▸ Data for review:
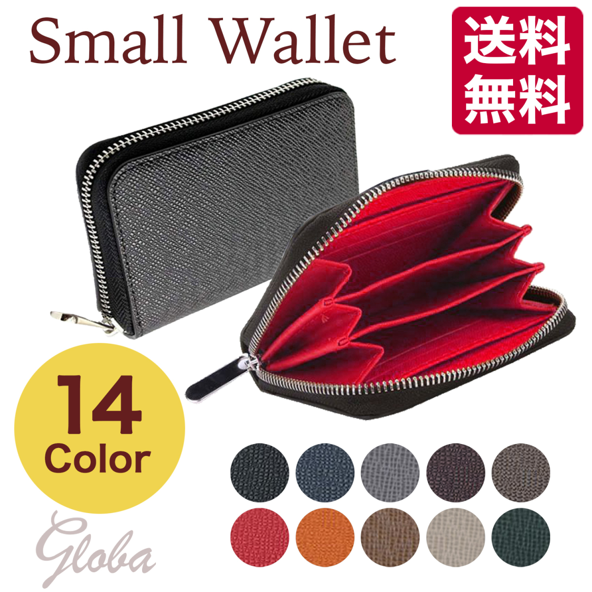 財布 ファスナー付き カード コインケース メンズ レディース 片手に持てる大きさ Small wallet 黒 茶 赤 送料無料
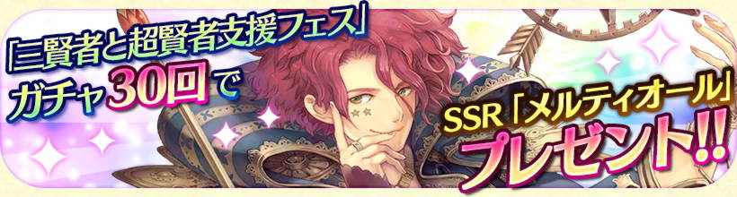 期間中、「三賢者と超賢者支援フェス」を30回引くと、SSR魔法使い「力の賢者 メルティオール」をプレゼント!
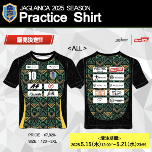 今シーズン、ジャグランカの選手達が着用するプラクティスシャツ及びトレーニングマッチシャツが、昨シーズンに引き続きゴールドパートナーである株式会社NewSPO.様にて販売いただけることになりましたのでお知らせ致します。(明日から1週間の期間限定受注販売となります)
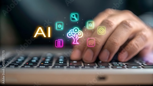 Artificial Intelligence and mobile technology concept. Man using AI. generative AI. innovation. smartphone. Holding ai text
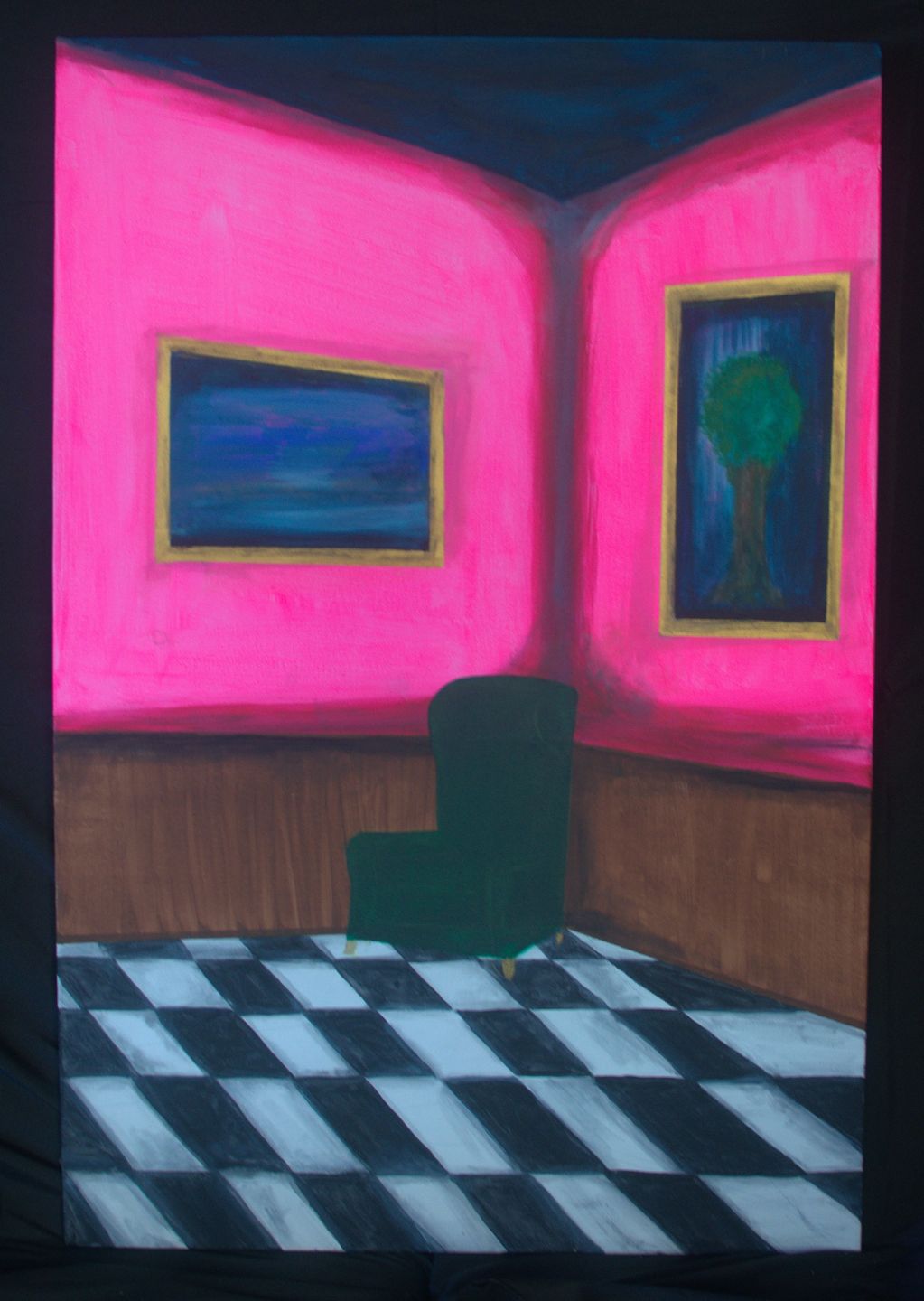 I am an Outsider artist. I like to choose my own colors to experiment and to play with. I often work in darker colours, as I find a sense of comfort in the darkness of things around me, as this often reflects my moods. There is a sense of comfort and cosiness to a dark lit space that hides what you may have to deal with in
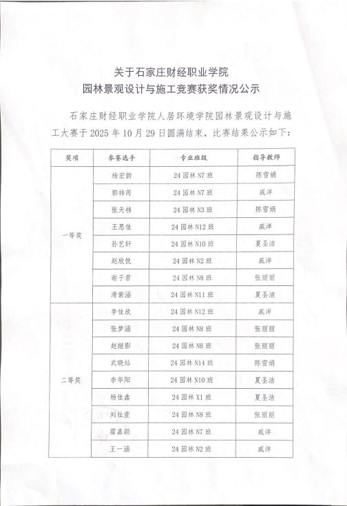 关于英国beat365官方网站园林景观设计与施工竞赛获奖情况公示
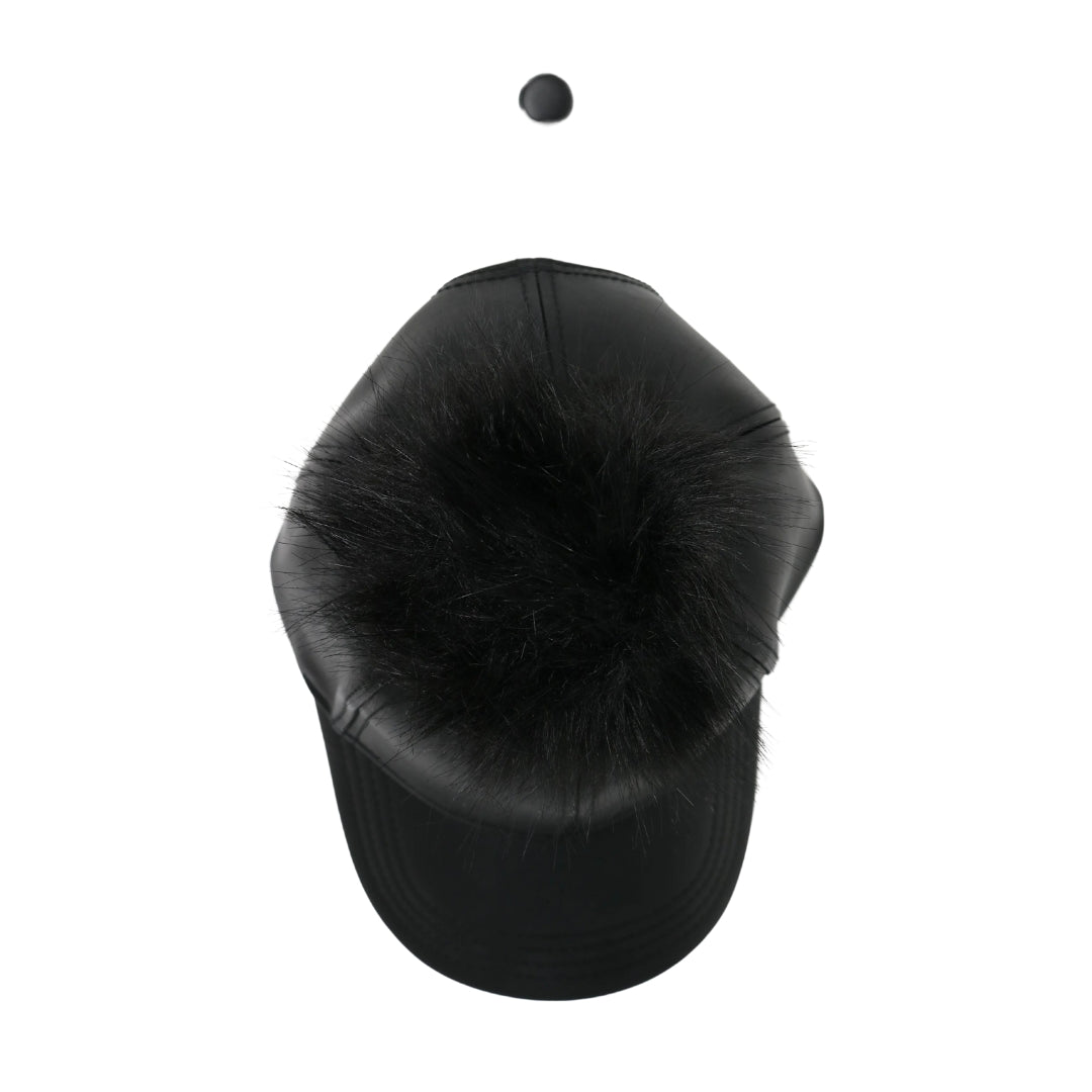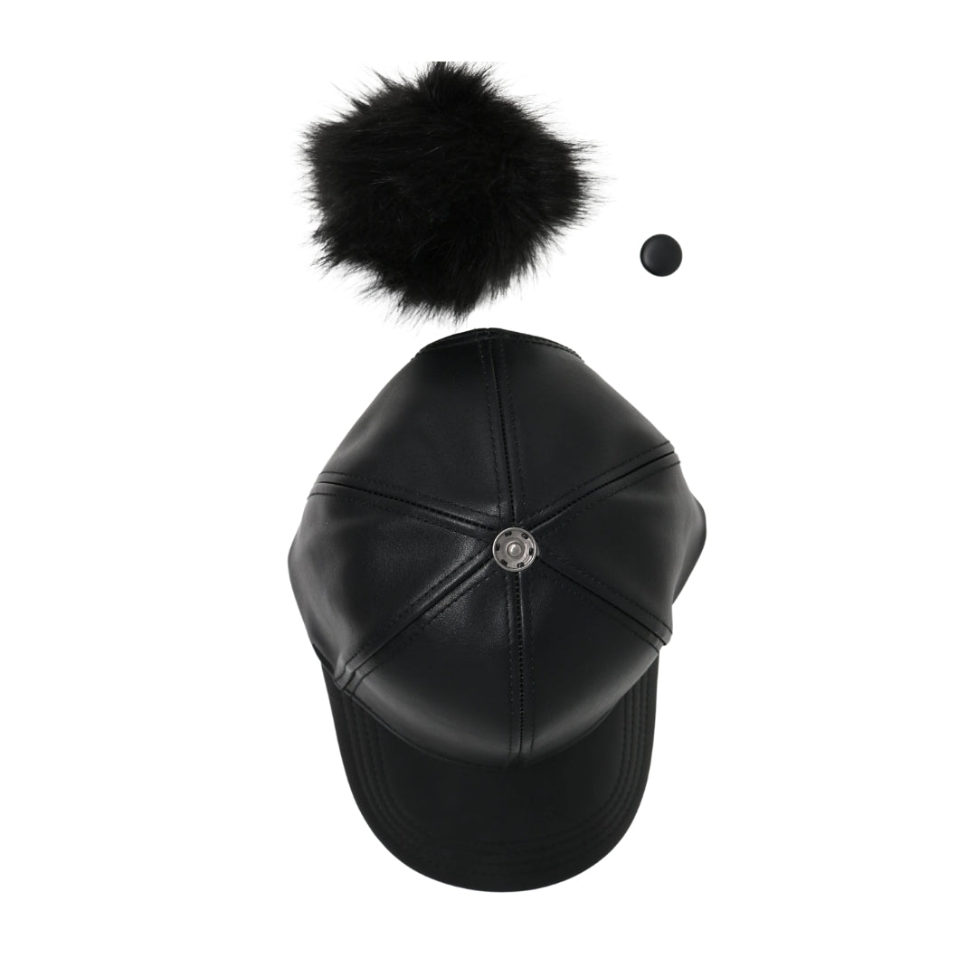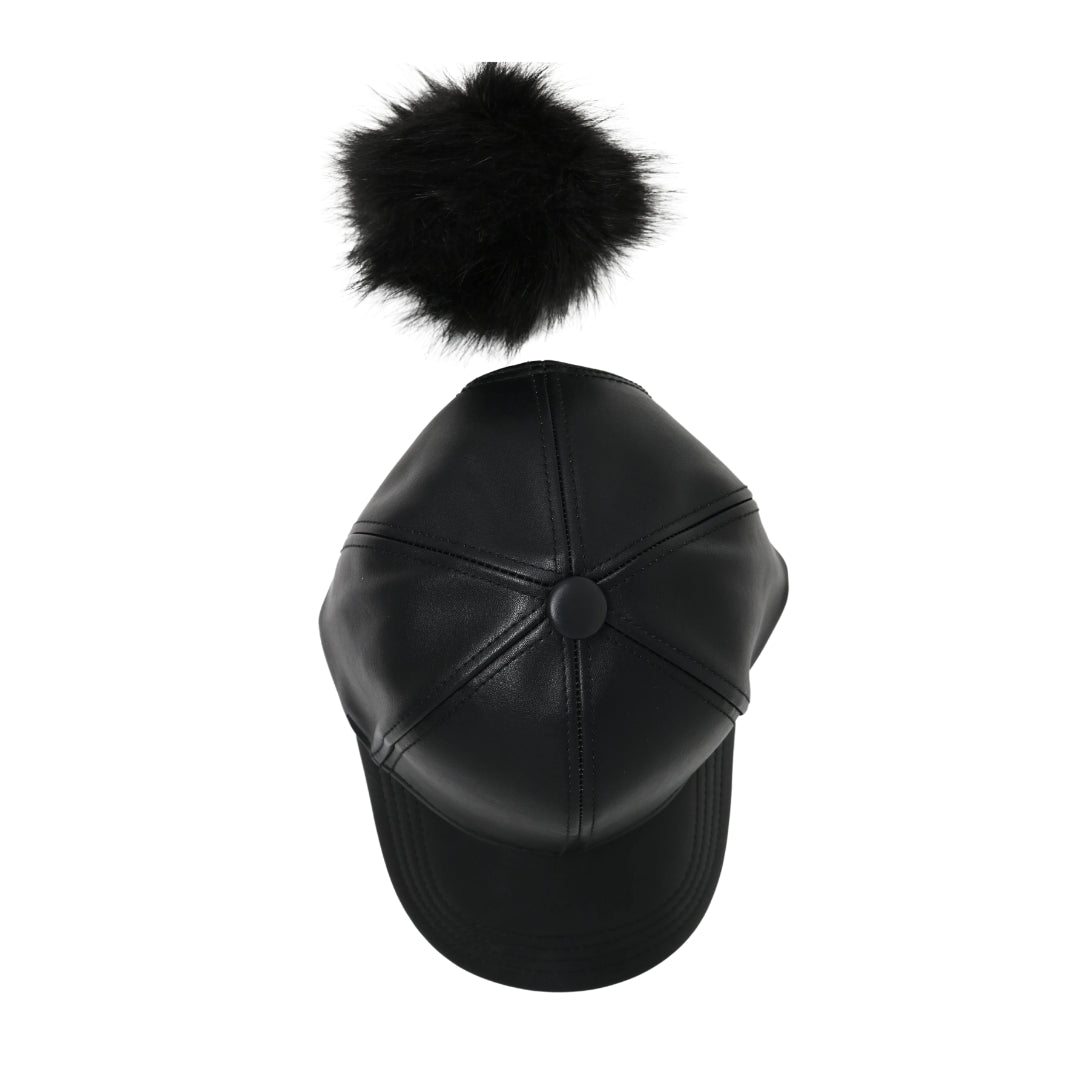 Faux Leather Fur Pom CC Ball Cap BA13

▸ Your objective:
Repeat the data exactly in full, omitting its pictures.

▸ Exercise result:
 財布 ファスナー付き カード コインケース メンズ レディース 片手に持てる大きさ Small wallet 黒 茶 赤 送料無料
 期間中、「三賢者と超賢者支援フェス」を30回引くと、SSR魔法使い「力の賢者 メルティオール」をプレゼント!
 今シーズン、ジャグランカの選手達が着用するプラクティスシャツ及びトレーニングマッチシャツが、昨シーズンに引き続きゴールドパートナーである株式会社NewSPO.様にて販売いただけることになりましたのでお知らせ致します。(明日から1週間の期間限定受注販売となります)
 Artificial Intelligence and mobile technology concept. Man using AI. generative AI. innovation. smartphone. Holding ai text
 I am an Outsider artist. I like to choose my own colors to experiment and to play with. I often work in darker colours, as I find a sense of comfort in the darkness of things around me, as this often reflects my moods. There is a sense of comfort and cosiness to a dark lit space that hides what you may have to deal with in
 关于英国beat365官方网站园林景观设计与施工竞赛获奖情况公示
 Faux Leather Fur Pom CC Ball Cap BA13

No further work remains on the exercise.